Thursday, May 16, 2024
74.0°F

Libby fails latest federal air quality testing

| December 30, 2008 1:00 AM

By Canda Harbaugh/Special to the Inter Lake

Libby's air quality falls below the federal 24-hour fine particle standard, according to a report released last week by the Environmental Protection Agency.

The EPA designated Libby as a "nonattainment" area, one of 211 counties or parts of counties in the United States whose air quality violated the 24-hour fine particle federal standard from 2005-07.

A fine particle, or PM 2.5, is about 1/30th the size of an average human hair.
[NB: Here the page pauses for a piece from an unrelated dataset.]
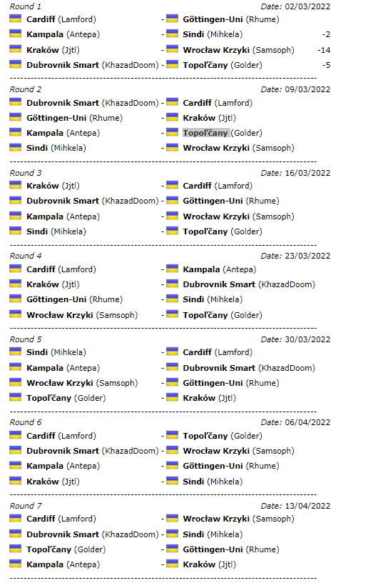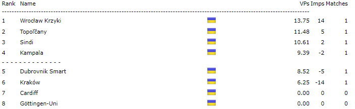 The initial ranking, based on the first round played (Cardiff and Göttingen-Uni have not played yet), is displayed below:

In September 2006, the EPA tightened the 24-hour PM 2.5 standard from 65 to 35 micrograms per cubic meter.

The EPA's findings were first reviewed by state and tribal governments before being finalized and released.

During the summer, fine-particle concentrations in Libby typically averaged less than the EPA standard, but in the winter - November through February - concentrations were "well above the standard," according to the EPA.

The EPA attributed the higher concentrations in Libby to stagnant winter weather conditions, strong temperature inversions, light winds and wood-stove emissions.

Libby is in a bowl-shaped valley that lends itself to temperature inversions that can cause pollution, such as smoke from wood stoves, to get trapped close to the ground.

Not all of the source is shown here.